The Supreme Court agreeing to examine the constitutionality of the Indian Penal Code’s (IPC’s) Section 124A—the law against sedition—offers hope that the relic of the colonial era will be struck down. Two journalists, from Manipur and Chhattisgarh, have contended in a petition that the law violates Article 19 that guarantees freedom of speech and expression each journalists are facing sedition charges in their respective states, for social-media posts criticising the government.
Diminishing the scope of the law hasn’t genuinely worked. The SC, in 1962 (Kedar Nath Singh vs state of Bihar & ors), had upheld the constitutionality of the law saying Article 19(2) that imposes “reasonable restrictions on freedom of speech” protected the sedition law from the “vice of unconstitutionality”. It nonetheless circumscribed the application of the law to “acts involving intention or tendency to create disorder, or disturbance of law and order, or incitement to violence.” It even particularly narrowed down its scope in order to shield dissent, saying, “comments, however strongly worded, expressing disapprobation of actions of the Government, without exciting those feelings which generate the inclination to cause public disorder by acts of violence” wasn’t sedition. Yet, the application of the law has been, more normally than not, atavistic—reflecting the colonial-era mindset to handle political expression and curb dissent.

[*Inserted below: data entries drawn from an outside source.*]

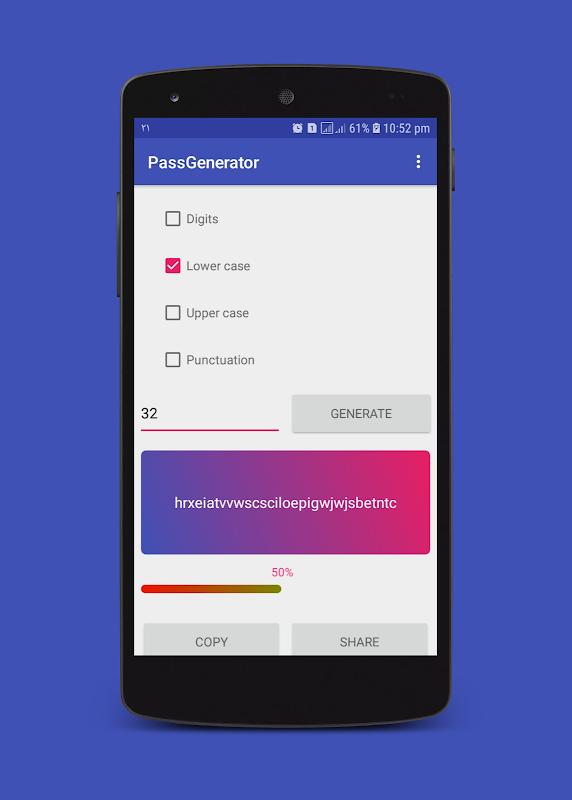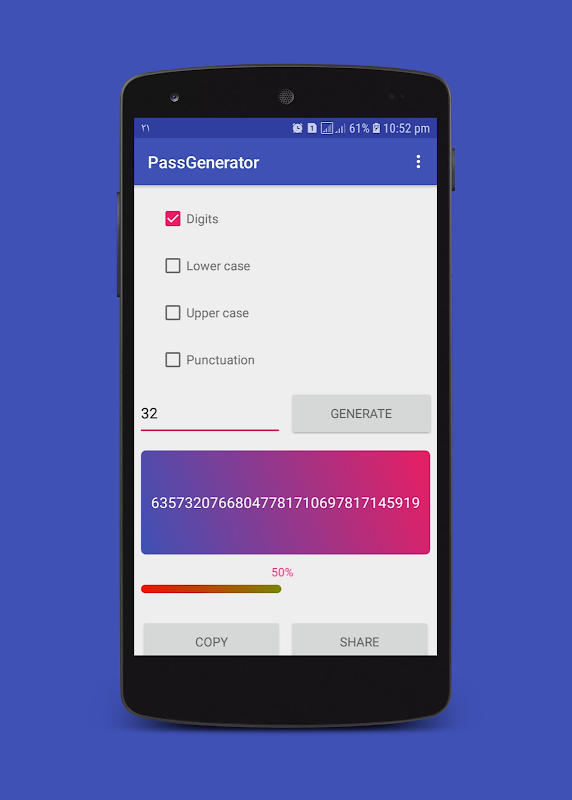 You may not believe it, but it takes a long time to hack this password, so make strong passwords for your accounts, this app will help you to create passwords including numbers, lowercase letters, uppercase letters, and symbols.
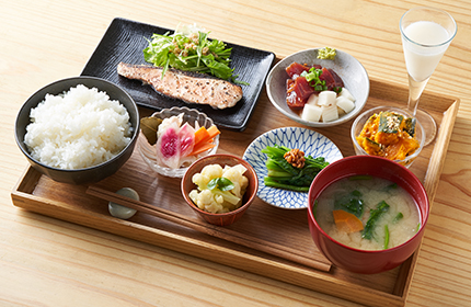 鮭の酒粕味噌焼き、または鯖の甘酒味噌煮/まぐろの醤油麹漬け卵黄和え/麹料理の小鉢4品/生味噌とお野菜のお味噌汁/富山県産コシヒカリ/ミニ甘酒付き
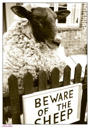 Dominantes Schaf am Gartentor mit dem Schild "Beware of the Sheep".
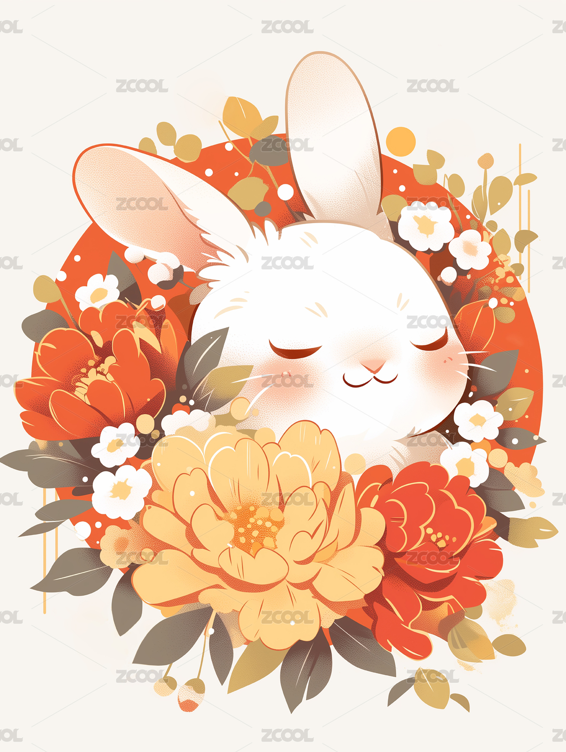 牡丹花小兔
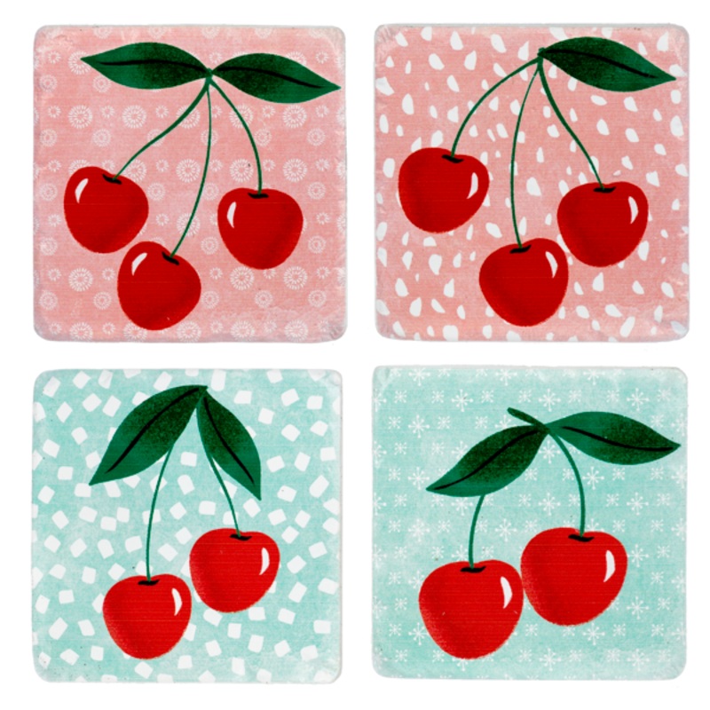Set of 4 Retro Cherry Pattern Coasters CB178740

The indiscriminate application of the law is probably why charges also do not appear to stick normally. As per the National Crime Records Bureau, though 96 persons have been arrested for sedition in 2019, 76 have been charge-sheeted only 2 have been convicted and 29 acquitted. Cases are probably pending against the rest, but the achievement price in the concluded trials genuinely shows up the State’s efficiency in investigation and prosecution. While most political parties have talked about the need to have to scrap the law, or have at least urged that it be invoked below a pretty narrow remit of applicability, they have made use of it to silence people today for acts that cannot be termed seditious, regardless of whether it is sharing of a political cartoon or even sharing a routine protest-toolkit.
The judiciary has attempted to tame the governments’ (each states and the Centre) trigger-satisfied application of the law—indeed, in the Disha Ravi matter, the court mentioned that citizens “cannot be put behind the bars simply because they choose to disagree with the state policies. The offence of sedition cannot be invoked to minister to the wounded vanity of the governments”.
But, on the query of scrapping the law, the Centre remains non-committal in replies to Parliament concerns on the scrapping of the law, it has repeatedly maintained a cryptic “amendment of criminal laws is a continuous process” following July 2019, when it had clearly mentioned there was no proposal to scrap the law. Juxtapose this with the Union home minister’s speak of the need to have to overhaul the IPC to rid it of its “master and servant” spirit, offered it was meant to “maintain the stability of the British empire”. While there is a need to have to be vigilant and act against these endangering the nation’s safety and stability, a blunt instrument like the sedition law is not the answer—even the UK, which scripted India’s sedition law as its coloniser, appears to have realised this, scrapping its personal sedition law in 2009.